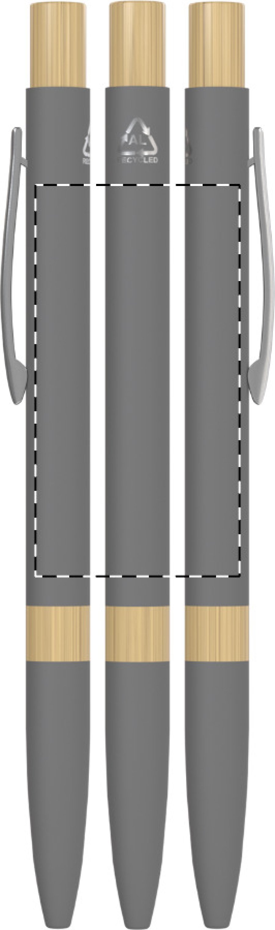 Kuličkové pero z recyklovaného hliníku s bambusovými částmi, pogumovaným povrchem a chromovým klipem. Se speciální vrstvou pro zrcadlové laserové gravírování. S modrou náplní.
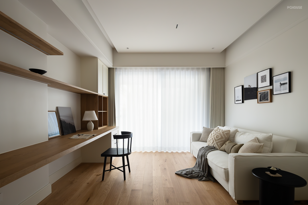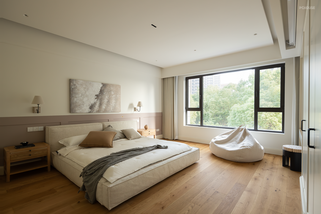 考虑到男女主人都有在家办公的需求,且办公时间可能存在重叠,主卧内特别设置了一个小书桌。这样,即便他们同时开电话会议,也不会相互干扰,确保了各自的工作效率和隐私。
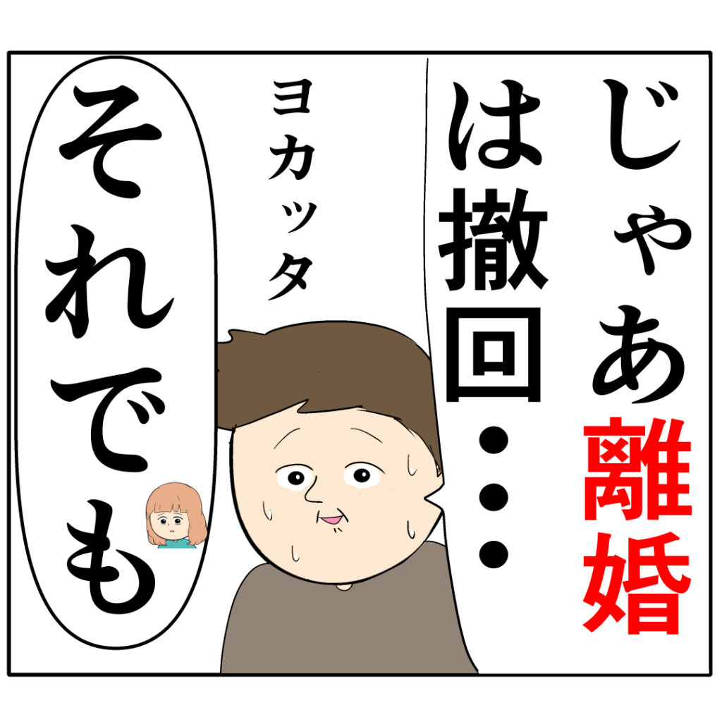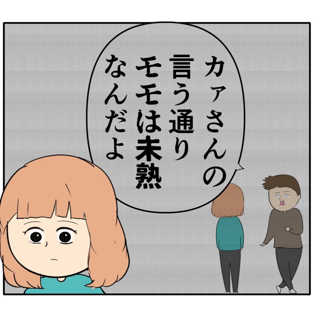 離婚したいというモモさんを必死に引き留めようとする三郎さん。モモさんが「人だから間違う事もあると思う」と言うと、三郎さんは「じゃあ離婚は撤回・・」とホッとした表情を浮かべました。しかし、これまで義母の言葉だけを信じて自分の言葉を信じてくれなかった三郎さんの言動を思い返したモモさんは「もう遅いです。離婚しましょう」と改めてきっぱりと告げました。
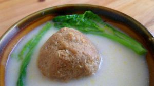 把苹果切片与豆芽一起冷水下入锅中等苹果和豆芽的香味熬出来之后把苹果和豆芽捞出来放入两勺盐,一勺鸡精和一杯牛奶熬煮片刻后把炸好的狮子头倒入汤中熬煮半小时即可!
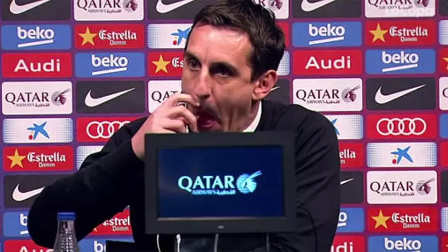 Dolido por el fracaso e incómodo. Así se siente Gary Neville. O al menos eso es lo que se desprende de su comunicación no verbal. Según Sonia El Hakim, analista y formadora en comunicación no verbal científica „autora de un blog en el diario Información„, los gestos del entrenador del Valencia CF en la rueda de prensa posterior a la goleada ante el Barça (7-0), indican que el técnico inglés se siente más «solo que un poeta en el aeropuerto», que canta Joaquín Sabina.
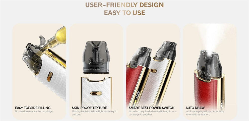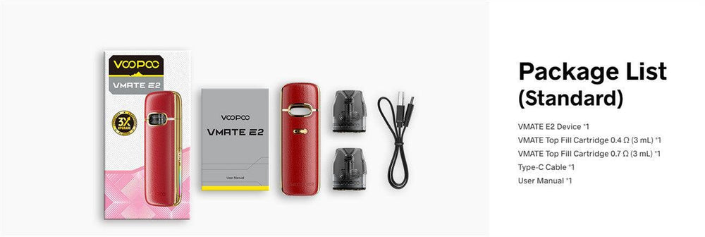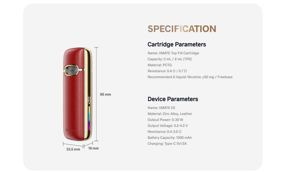 Building on the iconic design of the VMATE E, the latest VMATE E2 delivers even more fabulous elegance with an upgraded double-sided leather and magnetic cover. 3X upgraded new cartridges provide an enhanced pure vaping experience,and an increased power of 1500 mAh for multiple days of use.and power by built-in 1500mAh battery, and 30w max output wattage,and the 3ml volume ejuice capacity for daily use without frequent refilling. compatible with all VMATE Top Fill Cartridges and VMATE side filling series.The gradient color light bar on the side of the device,along with a percentage display of the battery level.

*Work to complete:* Skipping any images, write out all the data exactly.

*Answer area:*
 Kuličkové pero z recyklovaného hliníku s bambusovými částmi, pogumovaným povrchem a chromovým klipem. Se speciální vrstvou pro zrcadlové laserové gravírování. S modrou náplní.
 考虑到男女主人都有在家办公的需求,且办公时间可能存在重叠,主卧内特别设置了一个小书桌。这样,即便他们同时开电话会议,也不会相互干扰,确保了各自的工作效率和隐私。
 離婚したいというモモさんを必死に引き留めようとする三郎さん。モモさんが「人だから間違う事もあると思う」と言うと、三郎さんは「じゃあ離婚は撤回・・」とホッとした表情を浮かべました。しかし、これまで義母の言葉だけを信じて自分の言葉を信じてくれなかった三郎さんの言動を思い返したモモさんは「もう遅いです。離婚しましょう」と改めてきっぱりと告げました。
 把苹果切片与豆芽一起冷水下入锅中等苹果和豆芽的香味熬出来之后把苹果和豆芽捞出来放入两勺盐,一勺鸡精和一杯牛奶熬煮片刻后把炸好的狮子头倒入汤中熬煮半小时即可!
 Dolido por el fracaso e incómodo. Así se siente Gary Neville. O al menos eso es lo que se desprende de su comunicación no verbal. Según Sonia El Hakim, analista y formadora en comunicación no verbal científica „autora de un blog en el diario Información„, los gestos del entrenador del Valencia CF en la rueda de prensa posterior a la goleada ante el Barça (7-0), indican que el técnico inglés se siente más «solo que un poeta en el aeropuerto», que canta Joaquín Sabina.
 Building on the iconic design of the VMATE E, the latest VMATE E2 delivers even more fabulous elegance with an upgraded double-sided leather and magnetic cover. 3X upgraded new cartridges provide an enhanced pure vaping experience,and an increased power of 1500 mAh for multiple days of use.and power by built-in 1500mAh battery, and 30w max output wattage,and the 3ml volume ejuice capacity for daily use without frequent refilling. compatible with all VMATE Top Fill Cartridges and VMATE side filling series.The gradient color light bar on the side of the device,along with a percentage display of the battery level.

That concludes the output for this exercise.